• Wed
  • Sep 3, 2014
  • Updated: 1:38am

Developers' land-use applications put on hold

PUBLISHED : Wednesday, 23 March, 2005, 12:00am
UPDATED : Wednesday, 23 March, 2005, 12:00am

The system controlling sites granted under private treaty is being reviewed


Applications by property developers to change the land use of sites granted under private treaty for community-related projects have been put on hold while the system is reviewed, the housing minister said yesterday.


The system has been criticised for a lack of transparency by lawmakers, who say it is open to collusion between officials and developers.


Secretary for Housing, Planning and Lands Michael Suen Ming-yeung said at a meeting of Legco's planning, lands and works panel that there were loopholes which needed plugging, but he did not go into details.


'We are going through the files. We want to find out the problems and study how to fine-tune the system. We want the study to be completed as soon as possible,' he said.

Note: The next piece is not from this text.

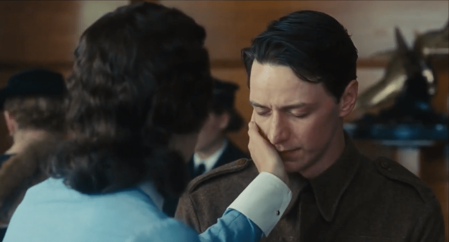 There’s an old story about a man who had everything and who lost it all in a series of tragic events: raids, a tornado, literal fire from heaven. In the end, he is made whole again, given new holdings and livestock and even a new family he lived to see multiple generations of. Job was lucky: God was the one screwing with him, and he did it to make a point to Satan. Robbie Turner was unlucky: a child was the one screwing with him, and she did it out of…a sense of the dramatic moment? “The story can resume,” the letter says in voiceover as Robbie and some other unlucky soldiers traipse through the French countryside. It’s the only real hint we get until those last few moments that we’re watching a fantasy, the deluded belief of an author that she can attempt to mend what she’s done wrong by writing a happier future for two of the wartime dead. “The story can resume,” Briony writes Robbie saying, for Briony has always known where the dramatic high points are, and she writes Robbie as if he’s had a bookmark placed in his life instead of a mortal wound in his abdomen. Yet for as much anger as we must feel towards Briony, as much anger as we watch McAvoy fire at Romola Garai (more on that in a second), those next two sentences are so romantic and moving that it makes me want to die. The parallel structure crests and then ultimately breaks on the cliff of those last three words, which punctuate a lovely but commonplace sentiment. Many of us have found, loved, married. But to live without shame is its own fantasy as grand as reversing septicemia or saving a woman from drowning in a subway tunnel. McAvoy’s reading is part of what must be his high point as an actor. I suppose that’s a little depressing, but it’s hard to imagine him squeezing out a better performance than this one. It’s all here. The focused horror in his eyes as he pulls his head out of the bath. The quiet chuckle as he reads over a note that would be lewd in a 2019 DM, let alone a pre-World War II card. The tremendous anger knotted in his hands and neck as he dresses down Garai. The resigned, awful face he makes as he swirls through the beach at Dunkirk. The way his face tries to hold and then melts, shuddering and heartbroken, when Cecilia touches him in a crowded cafeteria. There are other wonderful actors acting well in this movie, but for as much as we talk about a tiny Saoirse Ronan’s star turn or Keira Knightley’s slim toughness or Benedict Cumberbatch’s creepy performance, McAvoy is the most important.

Mr Suen said the government was preparing a list that details land granted by private treaty - sold directly rather than through auction. The list will include sites on which developers paid premiums to change their use to residential or commercial purposes.


The government grants land for a nominal amount to groups and companies under private treaties to allow the construction of community facilities, such as schools, churches, welfare centres and oil and power stations. Developers who purchase the sites and want to change their use must pay a premium. The procedure requires negotiations with officials and approval from the Executive Council.


A total of 20.9 hectares of land was granted last year under private treaties. Mr Suen said there was a consensus that the government should come up with a way to deal with the issue.


'I want it to come out as soon as possible. There are applications on the table, but I don't think it is appropriate to handle the applications before we come up with a new method,' he said.


Democratic Party legislator James To Kun-sun said he hoped the new system would be fair and free from any chance of collusion.


Mr To said he was sceptical about Exco's gate-keeping role. 'Property developers have their representatives at Exco. Exco decisions are often business decisions.'


Lau Chun-kong, a regional director of property consultants Jones Lang LaSalle, said he did not expect the halt on applications would have a big impact on property supply.


Meanwhile, Town Planning Board meetings could open to the public as early as May.


Permanent Secretary for Housing, Planning and Lands Rita Lau Ng Wai-lan urged legislators to approve the date proposed for implementing the amended Town Planning Ordinance.


Under the amendment, the public will be allowed to attend meetings when applicants present their cases. But discussion will still be held behind closed doors to avoid sensitive issues being leaked.